Work instruction:
Transcribe the records below in full; pictures stay out of the copy.

§ §

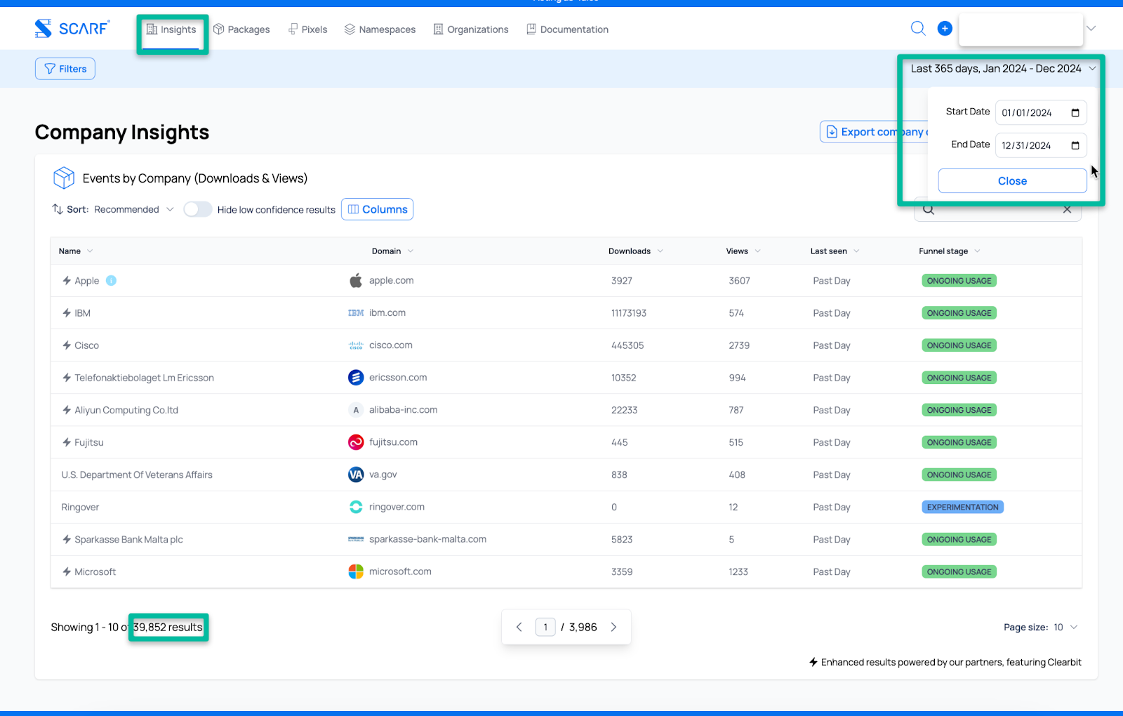 Here is an easy one to verify. Log into your Scarf account and go to the Organization you want to dig into, if you belong to more than one. Select “Insights” in the top navigation bar. Use a custom date range of 01/01/2024 - 12/31/2024, and you will see the total number of companies interacting with your project at the bottom of the page.
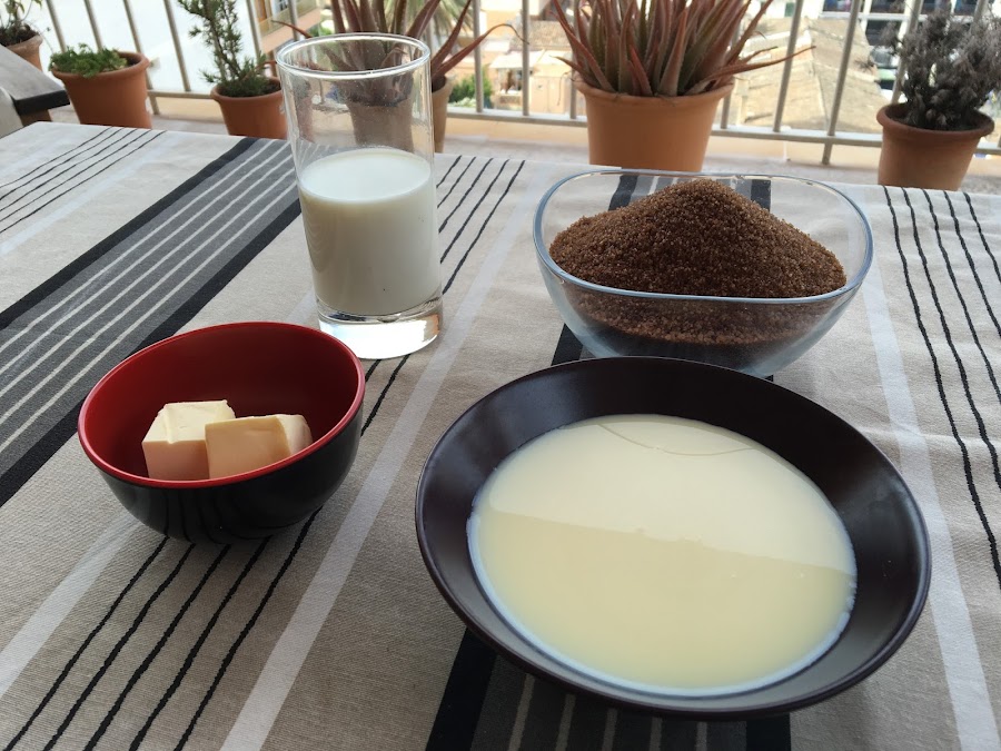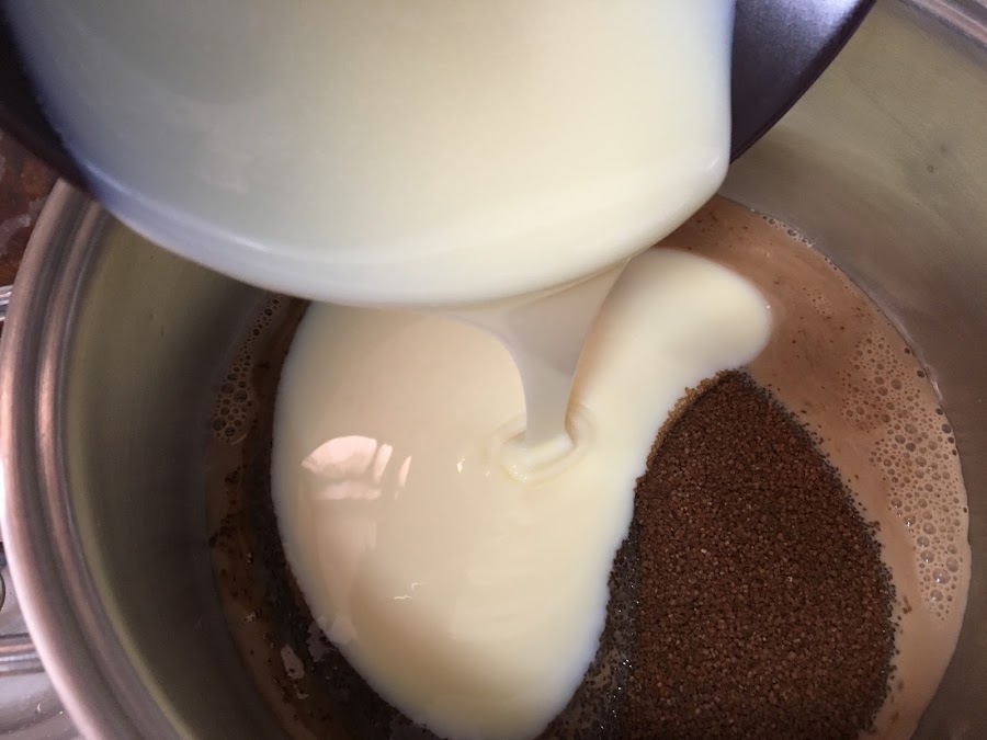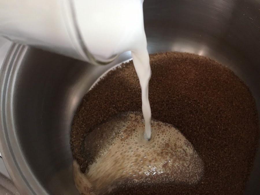 Primero ponemos el azúcar moreno y añadimos la leche.
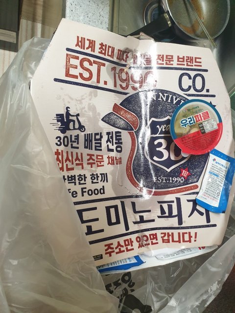 그런데 작년 12월 마지막으로 "도미노 피자"를 시켰을때 콜라가 포장박스 가운데 누워져서 속에 있는 피자를 눌려버려서.....
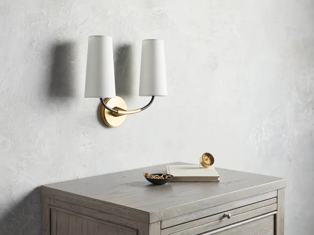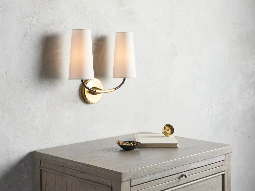 Classically styled to accentuate modern living spaces, our Lennon Sconce is finished with tones of bronze and antiqued brass. Chic linen shades add softness for balance and a warm, comfortable aesthetic.
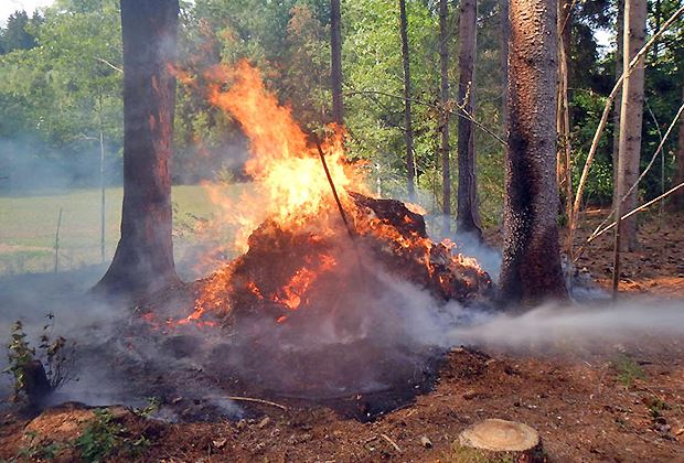 Die Feuerwehr hat am Dienstagabend im Kanton Thurgau zwei brennende Holzhaufen gelöscht. Das Übergreifen des Feuers auf den Wald konnte verhindert werden. Die Polizei sucht Zeugen.
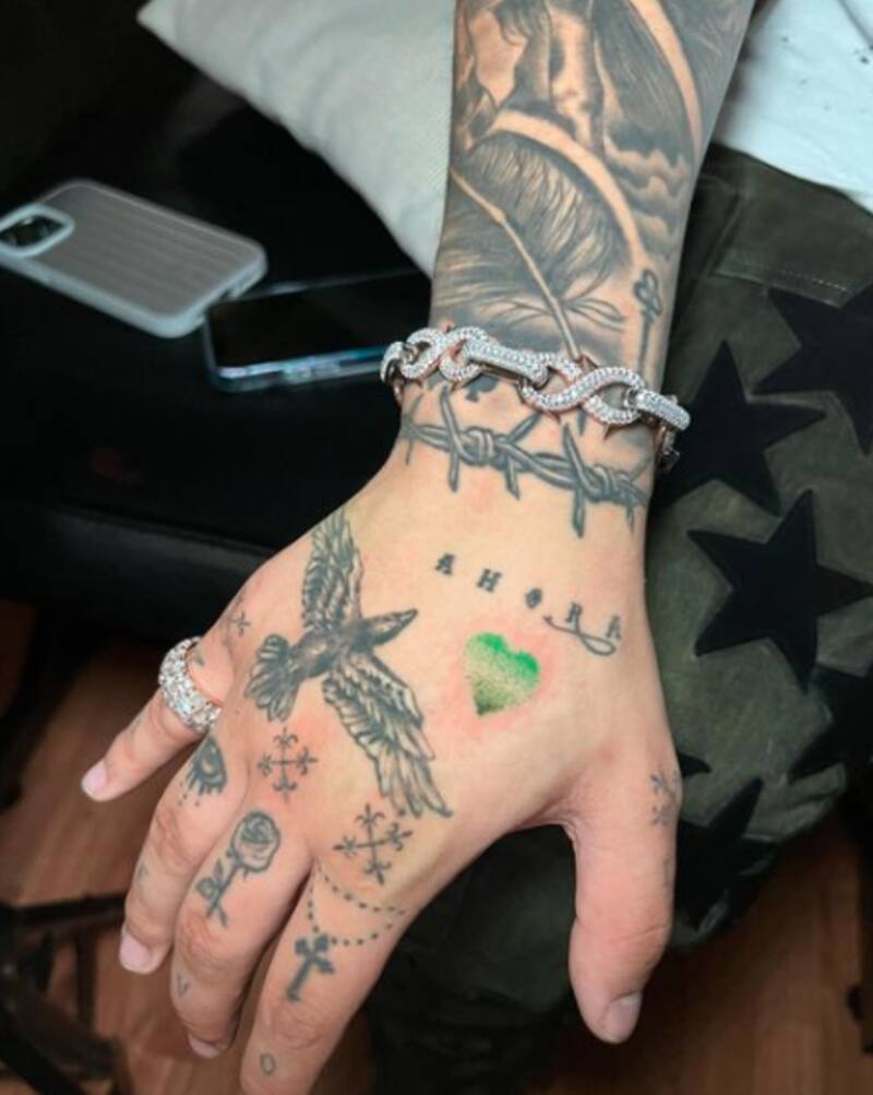 Durante su visita a Costa Rica, lugar en donde dio un concierto, Nodal visitó a Catalina Araya, una artista del tatuaje quien solo tiene 10 años y le hizo un corazón verde en la mano.

§ §

Written answer:
 Here is an easy one to verify. Log into your Scarf account and go to the Organization you want to dig into, if you belong to more than one. Select “Insights” in the top navigation bar. Use a custom date range of 01/01/2024 - 12/31/2024, and you will see the total number of companies interacting with your project at the bottom of the page.
 Primero ponemos el azúcar moreno y añadimos la leche.
 그런데 작년 12월 마지막으로 "도미노 피자"를 시켰을때 콜라가 포장박스 가운데 누워져서 속에 있는 피자를 눌려버려서.....
 Classically styled to accentuate modern living spaces, our Lennon Sconce is finished with tones of bronze and antiqued brass. Chic linen shades add softness for balance and a warm, comfortable aesthetic.
 Die Feuerwehr hat am Dienstagabend im Kanton Thurgau zwei brennende Holzhaufen gelöscht. Das Übergreifen des Feuers auf den Wald konnte verhindert werden. Die Polizei sucht Zeugen.
 Durante su visita a Costa Rica, lugar en donde dio un concierto, Nodal visitó a Catalina Araya, una artista del tatuaje quien solo tiene 10 años y le hizo un corazón verde en la mano.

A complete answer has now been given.